117. D’une part, compte tenu de ce qui a été dit aux points 107 et 108 du présent jugement, les sociétés requérantes ne sont pas fondées à soutenir que la prolongation du délai général d’exécution jusqu’au 30 septembre 2021 serait la conséquence des fautes de la région dans la conception initiale et l’usage de son pouvoir de direction du Marché MT5.1 tenant plus particulièrement à la décision prise tardivement en août 2019 par la région Réunion de déplacer le musoir à l’extrémité ouest de D3 ainsi que la définition elle aussi tardive de la configuration d’achèvement des ouvrages de digue supérieure aux extrémités ouest de D3, et est de D4.
118. D’autre part, les sociétés GTOI, VCT et SBTPC SOGEA Réunion qui ne sauraient, pour les motifs exposés aux points 62 à 66 du présent jugement, être indemnisées des conséquences de la pandémie de Covid-19 sur le terrain des sujétions imprévues, ne sont pas davantage fondées, faute de démontrer que l’exécution du marché MT5.1 nécessitait des moyens dont la mobilisation ferait peser sur elles une charge manifestement excessive, se prévaloir d’une prolongation du délai d’exécution sur le fondement du 1° de l’article 6 de l’ordonnance n° 2020-319 du 25 mars 2020.
119. Il résulte de ce qui précède, sans qu’il soit besoin de se prononcer sur l’application de l’article 3.8 du CCAP du marché, que les conclusions tendant à la condamnation de la région Réunion au versement de la somme de 27 050 538,32 euros au titre des conséquences de l’allongement de la durée du chantier au-delà du 31 décembre 2019 ne peuvent qu’être rejetées.
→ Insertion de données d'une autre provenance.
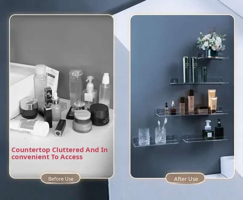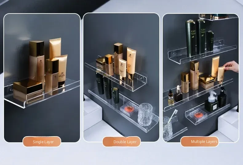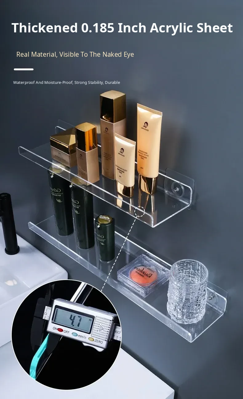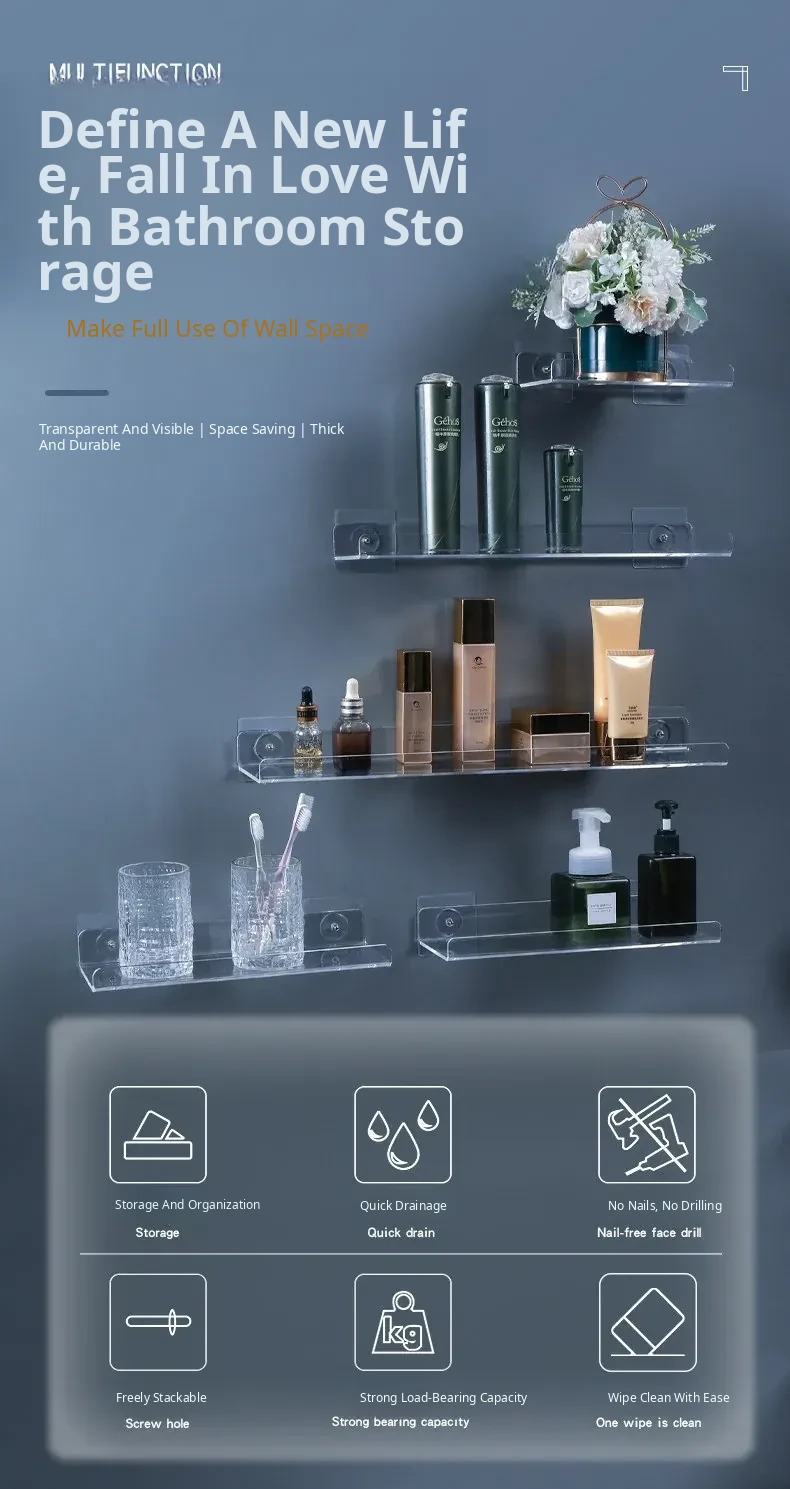 No-Drill Transparent Wall-Mounted Storage Shelves for Bathroom and Kitchen – Innovative Organizer for Easy Access and Stylish Storage Solutions!

Sur les conclusions indemnitaires présentées à titre subsidiaire :
120. En l’absence, pour les motifs qui précèdent, de tout droit à indemnisation, il n’y a pas lieu, s’agissant des DRC nos 1, 2, 8, 14, 19, 20 à l’exception des sujets nos 8 et 10, 23, 24 et 26 de condamner la région Réunion à verser aux sociétés requérantes une somme reposant sur le chiffrage opéré par les experts. En outre, faute de toute justification, par de solides considérations techniques ou économiques, des montants proposés par le collège d’experts, il n’y a pas davantage lieu de retenir le chiffrage proposé dans leur avis et ainsi condamner le maître d’ouvrage à verser une somme supérieure à celles accordées aux points 79, 81, 96 et 105 du présent jugement. Il suit de là que les conclusions des sociétés GTOI, VCT et SBTPC SOGEA Réunion tendant à la condamnation de la région Réunion à leur verser la somme de 60 892 024 euros hors taxes augmentée des intérêts moratoires ne peuvent qu’être rejetées.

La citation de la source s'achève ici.